Task instructions | What you return must be the full listing, word for word, with no images in it.
Data below Block Start
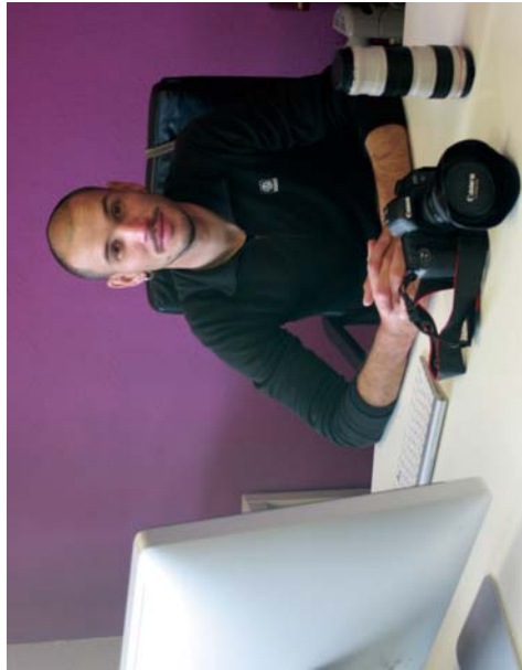
Golf plaza 4 behean, Aizobakarren Ander. Gartziazindarekin sortu zuen dulea urte bete Aizobak. Espiritho Estudioa.

Beste lehiaketa batzuetan parte hartu al duzu? Dexentelan aurkeztu naiz. Urte mordoan darazatik argazkilaritza munduan amantzen duen argazkilaria da. Argazki hori argazkilaritza munduan amantzen duen argazkilaria da.
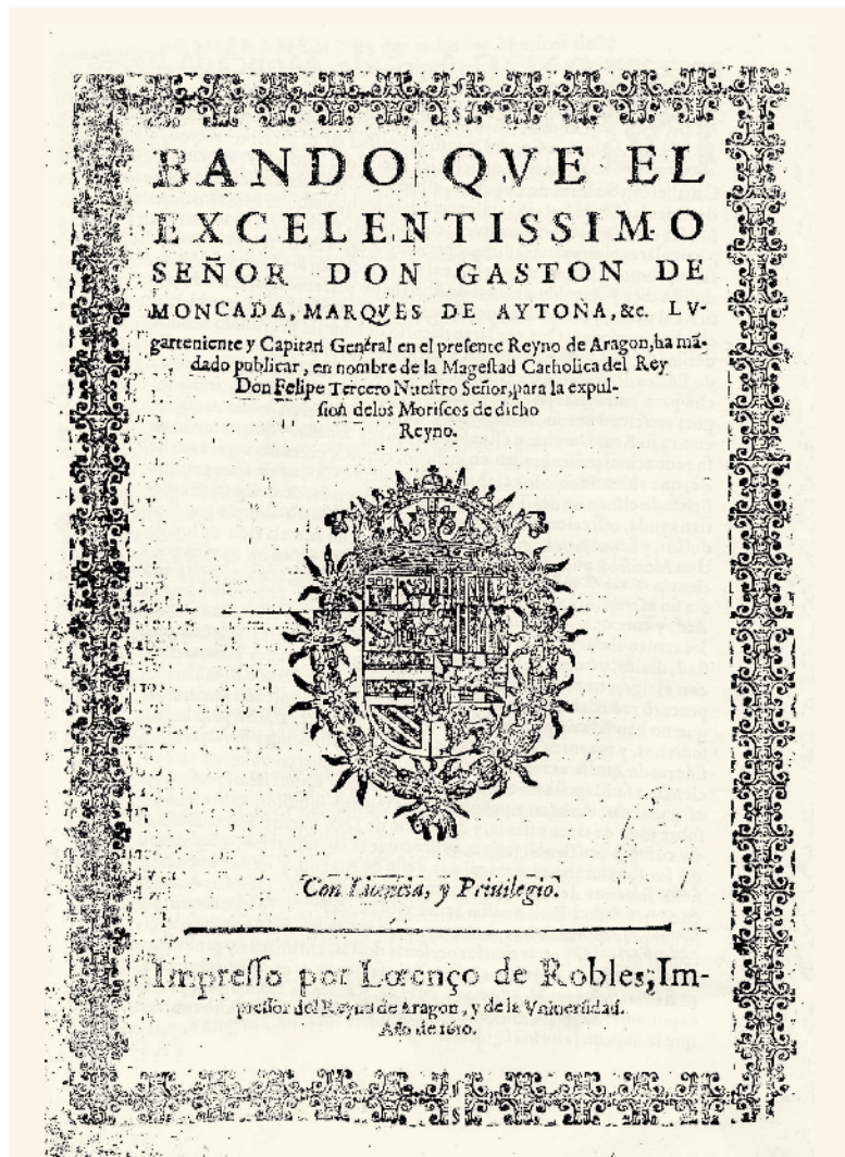
Bando de expulsión

Ejercicio opcional: Actualizar la ortografía.
Data below Block End
The answer |
Golf plaza 4 behean, Aizobakarren Ander. Gartziazindarekin sortu zuen dulea urte bete Aizobak. Espiritho Estudioa.

Beste lehiaketa batzuetan parte hartu al duzu? Dexentelan aurkeztu naiz. Urte mordoan darazatik argazkilaritza munduan amantzen duen argazkilaria da. Argazki hori argazkilaritza munduan amantzen duen argazkilaria da.
Bando de expulsión

Ejercicio opcional: Actualizar la ortografía.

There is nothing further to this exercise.